### What is needed
When you restate the data, keep every word as it is and drop the images.

### Data below

■ ■ ■

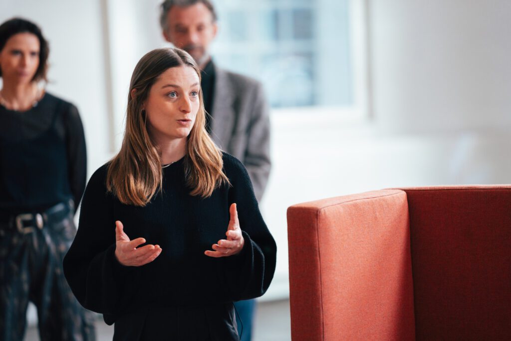 Designeren Saskia Hübner sikrede sig sejren i DR-programmet Danmarks næste klassiker med sin røde kontorsofa lavet af 100 pct. genanvendte tæppeplader fra tæppegiganten Ege Carpets.
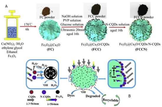 Zhang et al. [102] used Fe3O4@Cu2O/carbon quantum dots (CQDs)/nitrogen–doped carbon quantum dots (N–CQDs) (FCCN) for the degradation of azo compounds, such as MO, acid orange II, and mordant yellow 10, even at a neutral and alkaline pH (pH: 7–12) with a shortest time for complete degradation of 15 min. There is a cooperative interaction between each component, so the synergism from all the components of FCCN enhances the photocatalytic properties. The authors proposed a mechanism where in the first place, the up–conversion characteristics of CQDs and N–CQDs improve the light utilization of FCCN. Secondly, the load of CQDs and N–CQDs can separate and transfer photo–generated charges between Fe3O4 and Cu2O more efficiently, accelerating the circulation of Fe3+/Fe2+ for the decomposition of H2O2 to yield the active species: HO• radical. Thirdly, the light–induced protons of CQDs change the partial pH, so that the FCCN system is able to work in alkaline solutions. Finally, the insoluble layers of CQDs and N–CQDs are beneficial to enhance the stability of the composite (see in Figure 7 the schematic diagram of the catalytic mechanism proposed by the authors). The magnetism of Fe3O4 made this catalyst easily separable and the insoluble layers of CQDs and N–CQDs allowed it to be repeatedly used without activity change even after 10 cycles. The degradation rate constant of MO in the FCCN/H2O2/light system was 5.4 times higher than that of the Fe3O4@Cu2O/H2O2/light system, indicating that the loaded quantum dots greatly enhanced the photocatalytic activity. The degradation rate constant in the FCCN/H2O2/light system was 2.5 times higher than that of the simple mixture (Fe3O4@Cu2O + CQDs + N–CQDs)/H2O2/light system, which suggests that these excellent catalytic performances should come from the synergism effect of all components in FCCN.
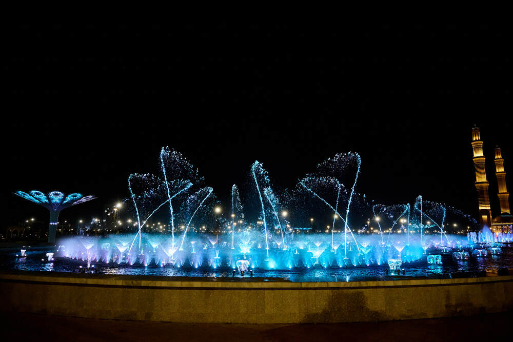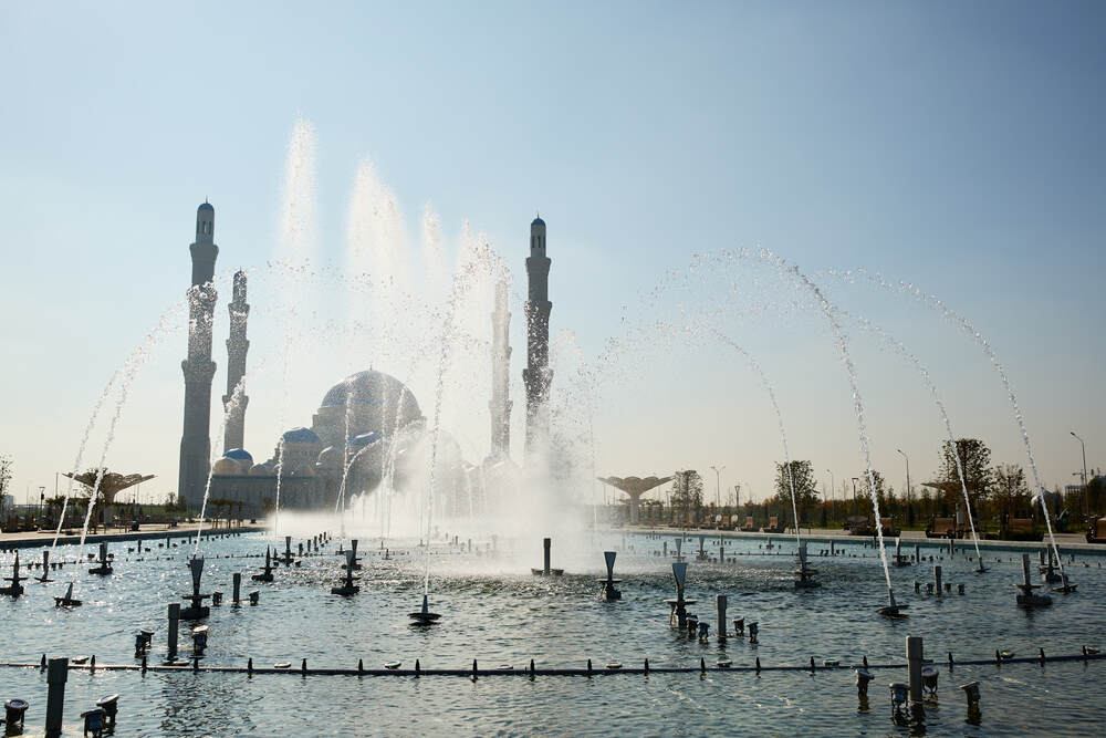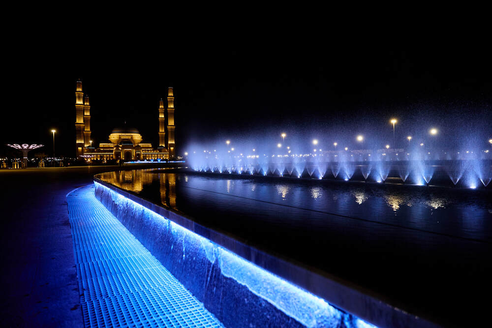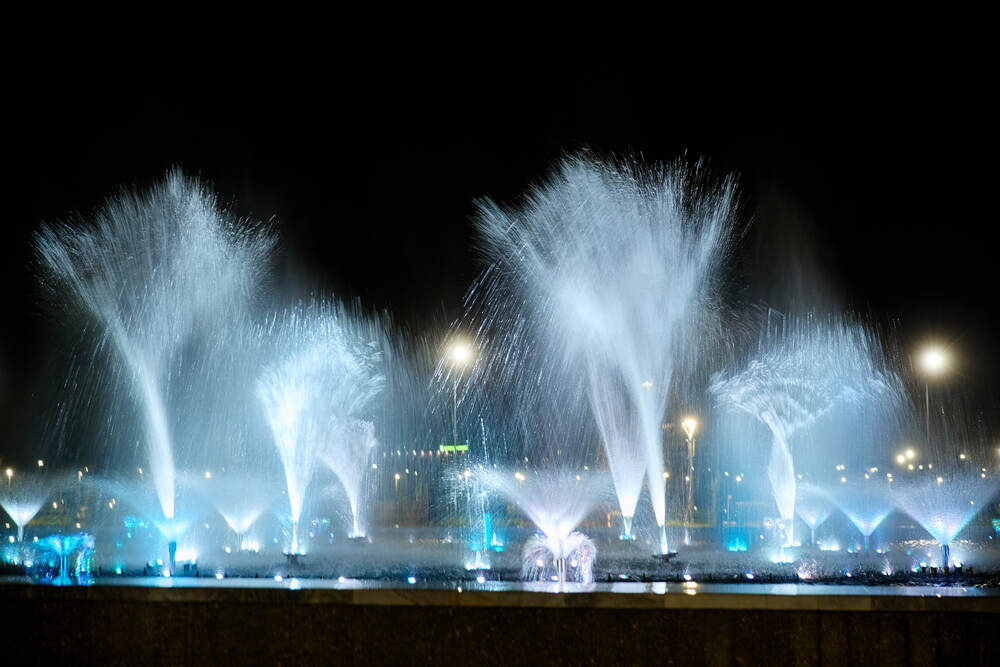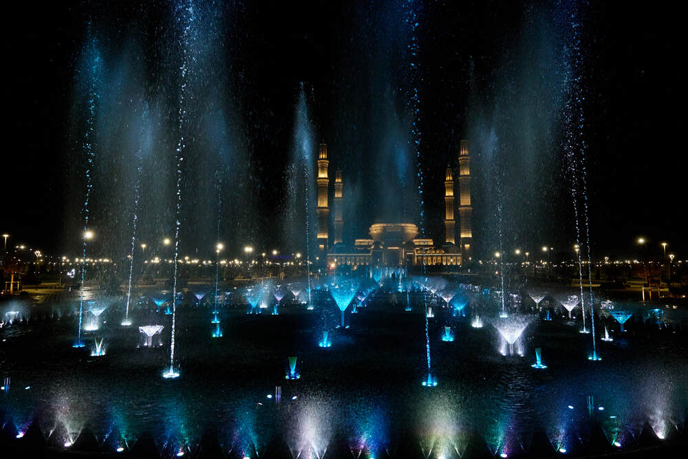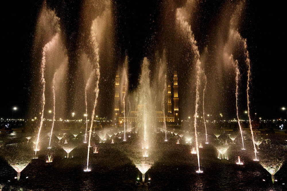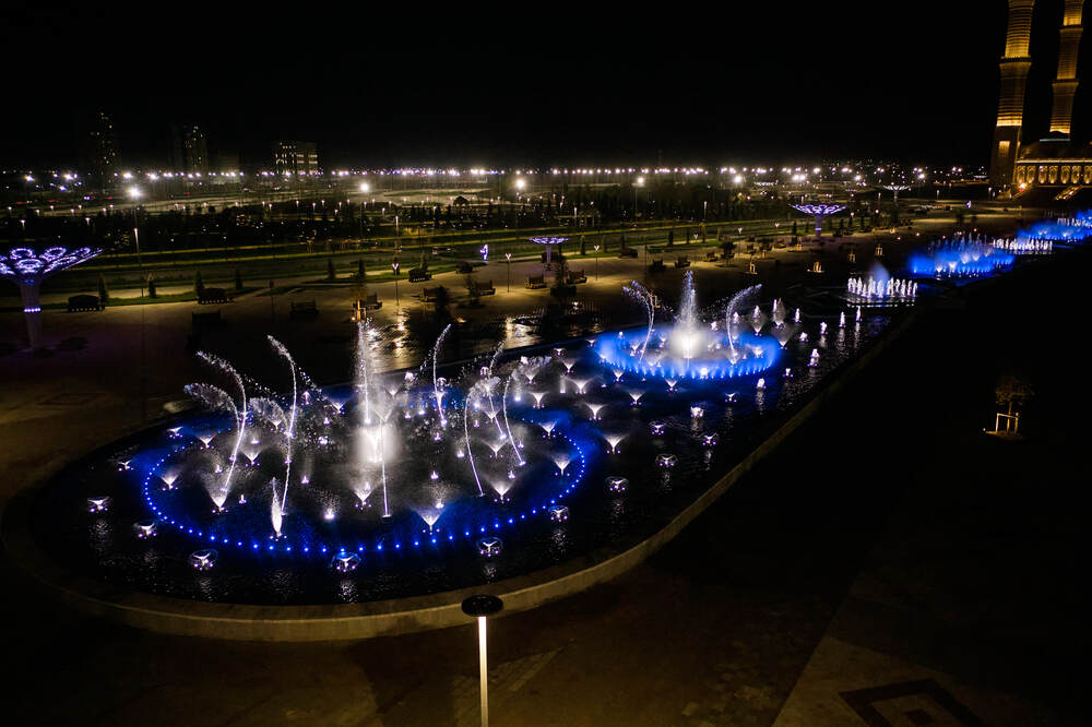 Комплекс динамических фонтанов с подсветкой и музыкой, Соборная Мечеть, город Астана

■ ■ ■

### Solution below
 Designeren Saskia Hübner sikrede sig sejren i DR-programmet Danmarks næste klassiker med sin røde kontorsofa lavet af 100 pct. genanvendte tæppeplader fra tæppegiganten Ege Carpets.
 Zhang et al. [102] used Fe3O4@Cu2O/carbon quantum dots (CQDs)/nitrogen–doped carbon quantum dots (N–CQDs) (FCCN) for the degradation of azo compounds, such as MO, acid orange II, and mordant yellow 10, even at a neutral and alkaline pH (pH: 7–12) with a shortest time for complete degradation of 15 min. There is a cooperative interaction between each component, so the synergism from all the components of FCCN enhances the photocatalytic properties. The authors proposed a mechanism where in the first place, the up–conversion characteristics of CQDs and N–CQDs improve the light utilization of FCCN. Secondly, the load of CQDs and N–CQDs can separate and transfer photo–generated charges between Fe3O4 and Cu2O more efficiently, accelerating the circulation of Fe3+/Fe2+ for the decomposition of H2O2 to yield the active species: HO• radical. Thirdly, the light–induced protons of CQDs change the partial pH, so that the FCCN system is able to work in alkaline solutions. Finally, the insoluble layers of CQDs and N–CQDs are beneficial to enhance the stability of the composite (see in Figure 7 the schematic diagram of the catalytic mechanism proposed by the authors). The magnetism of Fe3O4 made this catalyst easily separable and the insoluble layers of CQDs and N–CQDs allowed it to be repeatedly used without activity change even after 10 cycles. The degradation rate constant of MO in the FCCN/H2O2/light system was 5.4 times higher than that of the Fe3O4@Cu2O/H2O2/light system, indicating that the loaded quantum dots greatly enhanced the photocatalytic activity. The degradation rate constant in the FCCN/H2O2/light system was 2.5 times higher than that of the simple mixture (Fe3O4@Cu2O + CQDs + N–CQDs)/H2O2/light system, which suggests that these excellent catalytic performances should come from the synergism effect of all components in FCCN.
 Комплекс динамических фонтанов с подсветкой и музыкой, Соборная Мечеть, город Астана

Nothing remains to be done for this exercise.